The never ending journey

Riaz Osmani

5 May 2025

Bangladesh’s Interim Government’s Chief Adviser Professor Yunus had recently appointed a Women’s Affairs Reform Commission, which has recently submitted its report to the Chief Adviser. After some of the report’s recommendations appeared in the media, the country’s fundamentalist Islamic group called Hefazat-e-Islam called for the disbandment of the Commission.

This is due to some demands of a personal nature to do with women that were considered un-Islamic. One such demand was the right to equal inheritance as men. Let’s dive into the politics of it all.

In Bangladesh, outside of the Penal Code (which deals with general criminality), we have a set of Civil Laws which contain Personal Laws, some codified and some not. It is these Personal Laws that govern issues of marriage, divorce, inheritance etc. This is where religious edicts come in for Muslims, Hindus, Christians etc. which are all different and discriminate against women in their own ways.

The only way to remove these varying degrees of religion based discrimination from Bangladesh’s legal system is by replacing the Civil Laws (which contain the religion based Personal Laws), with a new fully coded and uniform Civil Code.

In this new Civil Code, men and women would enjoy equal facilities when it came to the benefits of marrigage, divorce, inheritance etc. There would be no religion based discrimination left in Bangladesh’s legal system. Men and women of all religions in Bangladesh would have this Civil Code equally applicable to them, be they Muslim, Hindu, Christian, Buddhist and others.
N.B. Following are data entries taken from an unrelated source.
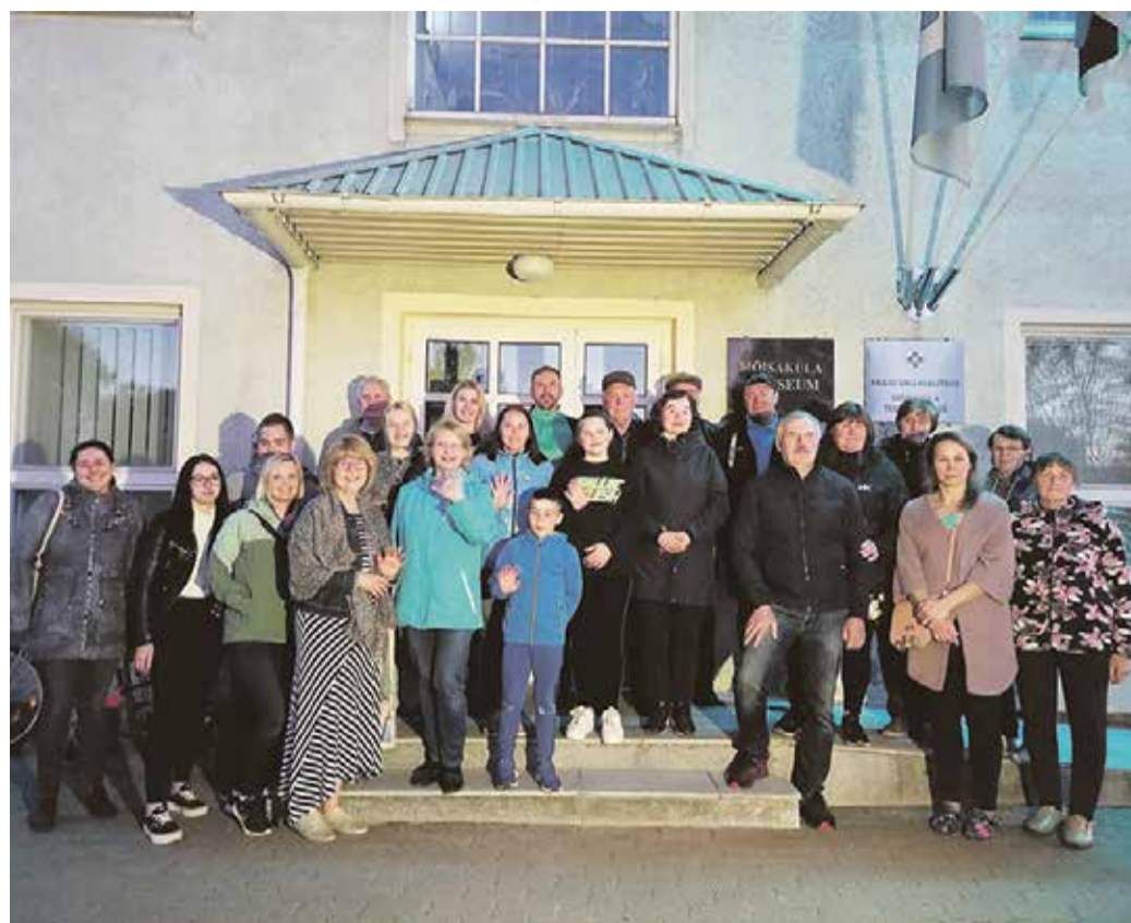
Muuseumiöö öömatkast osavõtjad.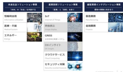
中四国カンパニーのサービス領域

本システムは、水質分析業務の受付から採水、分析、計量証明書出力、納品・請求の一連の業務を一元管理するシステムです。Web基盤でシステムを構築しております。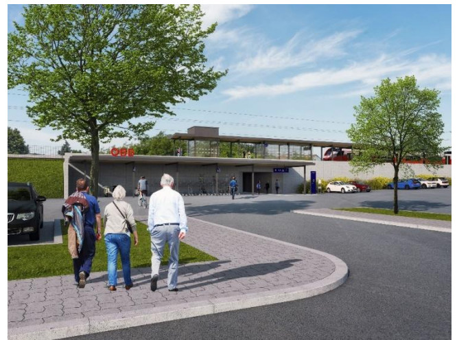
Fotocredit ÖBB/Feuchtenhofer Architekten

Die ÖBB-Infrastruktur AG attraktiviert und elektrifiziert die Bahnstrecke von Wr. Neustadt über Mattersburg nach Loipersbach-Schattendorf. Seit Oktober 2025 laufen die Hauptarbeiten. Voraussichtlich ab Dezember 2027 fahren Züge dort dann umweltfreundlich und klimaschonend mit 100 Prozent grünem Bahnstrom. Außerdem wird es dann möglich sein, Züge bis nach Wien – ohne Umsteigen in Wr. Neustadt – durchzubinden. Das spart Zeit und bringt mehr Komfort für Fahrgäste.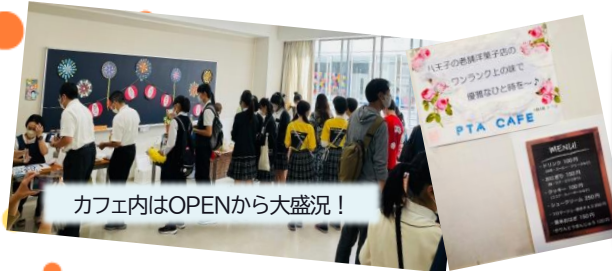
カフェ内はOPENから大盛況！

「ワンランク上の味で優雅なひとときを」のポスターの通り、八学への愛にあふれた、素敵なPTA喫茶でした。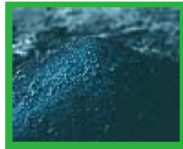
建設汚泥使用の改良土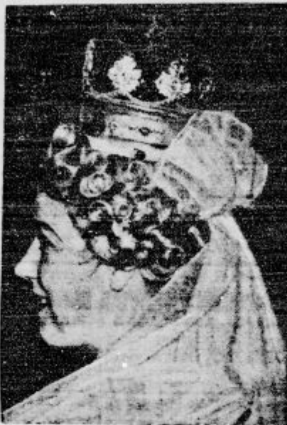
Takele frizure bodo nosile gospe, ki bodo povabljene na kraljevo kronanje v London.

Po vojni je ta občina dosledno z večino glasov volila proti skupni fronti slovenskega ljudstva. Nekaj let je imelo radičevstvo v Vitanju močno oporo. Večina ljudi je gospodarsko zelo odvisna in jim razni kruhodajalci narekujejo tudi politično mišljenje in prepričanje. Tajne volitve bi v taki občini, kakor je Vitanje, za JRZ brez dvoma mnogo bolje izpadle. — Na to je »Slovenec« »Jutro« odgovorilo takole: »Da bi omilil in zabrisal vtis, ki ga je povsod naredil izid nedeljskih občinskih volitev v Vitanju, je »Slovenec« po volitvah napisal, da je bilo Vitanje ukadaj ena najtrdnjših postojank nemštva in nem-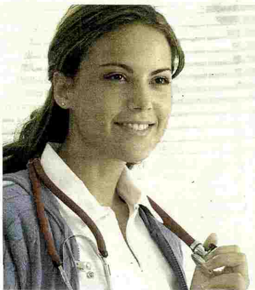
La rama sanitaria ha crecido en los últimos años

Las profesiones relacionadas con las nuevas tecnologías y, sobre todo, con la Red, se imponen con fuerza desde hace algunos años y son las que tienen un panorama más amplio. Cualquier empresa que se precie tiene que estar en Internet. Y tan importante es su volumen de negocio como saber venderse y mantener su imagen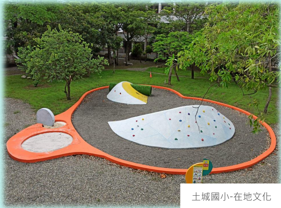
土城國小-在地文化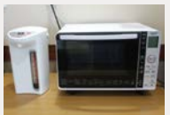
電子レンジ・湯沸かしポット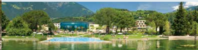
Terme Merano - Pappone

Il parco delle terme si estende per oltre 5 ettari ed offre diverse piscine, aperte d'estate ogni giorno. Vi si trova anche una zona kneipp e una piscina sportiva. Le Terme Merano hanno 15 piscine (interne ed esterne), 2.200 m² di area saune e bagni turchi . I rinnovati spazi relax e una stanza della neve sono perfetti per rilassarsi e fare una pausa.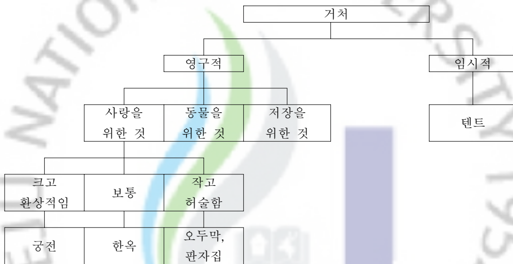
[그림 II-2] 거처에 대한 의미구조도

'의미 구조도 그리기'는 지도 대상이 되는 낱말과 다른 낱말과의 개념상의 차이점과 유사점을 도식화하여 그 어휘의 의미와 용법을 익히는 방법이다. 의미가 유사한 몇몇 단어들의 의미 변별을 통하여 의미를 정확히 알 수 있게 한다. 위계 구조에 따라 도식화할 수도 있고 순차 구조로 할 수도 있다. 또는 원이나 그래프 등의 형태로 제시할 수 있다. 그 개념을 의미에 따라 동일 구조나 위계 구조 등으로 구조적으로 제시한다는 점에서 의미 지도 그리기와는 차이가 있다.

Men would not be subject to any new discrimination.

This is where all the difficulty would arise. In Bangladesh’s legal system which is based on the secular British Common Law, the area of Personal Law is the only area where religious edicts have been put in place, be they Muslim, Hindu, Christian etc. (it was the British rulers who did this out of presumed necessity).

Would Muslims or Hindus who have always obeyed these religious instructions in the areas of marriage, divorce, inheritance etc. be willing to see them eliminated from the legal system? Many Muslim women may wish to, since they would no longer have to contend with just half the amount of inheritance as that of their brothers.

Many Hindu women would be happy too, since under a uniform Civil Code, they would for the first time be able to divorce their husbands! So who would be the obstacles to these legal changes? The answer is obviously men who have enjoyed religiously sanctioned privileges that they would now be set to lose.

This explains Hefazat’s screaming! Groups such as these (and many moderate ones too) would see to it that Bangladesh never gets a uniform Civil Code. Even men who support equality for women may simply not be able to contend with the elimination of the Personal Laws out of strong religious beliefs (same with women). Yet, unless that can be achieved, women in Bangladesh will never achieve full equality with men.

Special Update: Soon after publishing of this blog, I had the pleasure of watching an interview on a private Bangladeshi TV channel where a couple of the members of the Commission were interviewed. That is where they went at great lengths to explain that existing Personal Laws would not be touched.

What they have proposed is an optional non-religious Civil Code containing non-religious Personal Laws for those who wish to opt-in to it. It would be based on absolute equality in all personal spheres. This is a novel idea that is definitely worth a lot of consideration.